I’d rather float over people’s minds
as something strictly fluid and non-perceivable;
more like a transparent, paradoxically iridescent
creature rather than an actual person.”
-Franz Kafka
P e r s o n a l i t y
A classically smooth, aristocratic wolf. He is enigmatic, and is not at all open with sharing his own secrets. Guarded, and endlessly evasive, Nikare prefers instead to talk about others, and is content to listen. He is graceful, and he is patient, feeling no need to rush in blindly to anything. Situations of all kinds can be dealt with proper care and nurturing, and the right time always presents itself eventually. He has learned that, and is an expert at biding his time.
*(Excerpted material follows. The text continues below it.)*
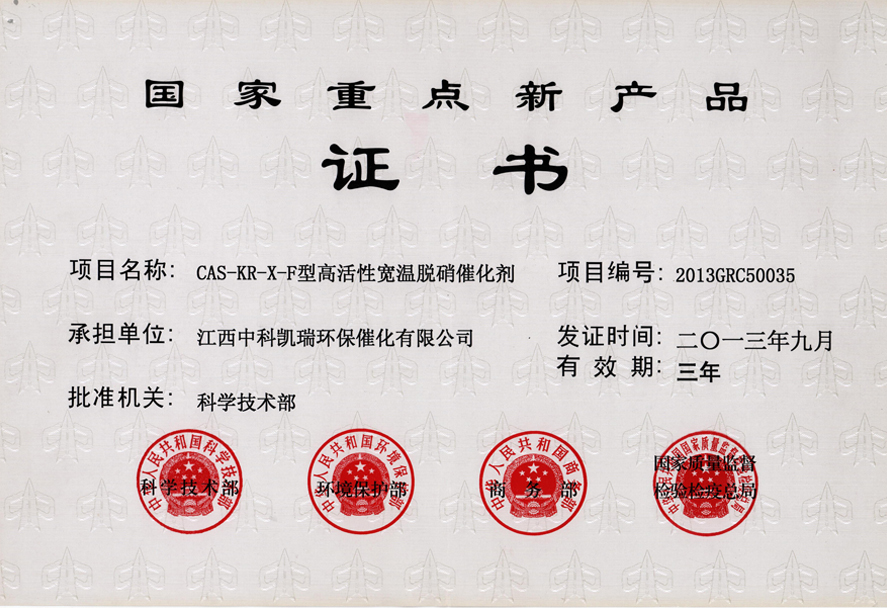2013年江西中科凱瑞環保催化有限公司生產的CAS-KR-X-F型高活性寬溫脫硝催化劑產品榮獲國家重點新產品證書。

Charming and chivalrous, Nikare takes great care in how he speaks, and in how he acts around others. He makes it a point to treat others with respect, even if he finds them particularly distasteful. He is witty, and gifted with words. Very easily Nikare can spin soft, sweet words, diplomatic and eloquent words, or barbed, sharp words (though he does reserve the latter). He likes to be in control at all times, and so will often do his best to exude a calm exterior for all to see even if he is struggling. Very rarely does he lash out, but there are times when his icy demeanor turns to fire, and he would like nothing more than to taste blood.
Despite his outward charm, Nikare is a very cold creature. He’s pragmatic, and ruthless. He’s willing to do, or oversee, sacrifice for the greater good, whatever it might be. Despite all of his flattery and warm words, he is arrogant, and while he does conceal this trait to an extent, it seeps out in his overwhelming sense of self-confidence.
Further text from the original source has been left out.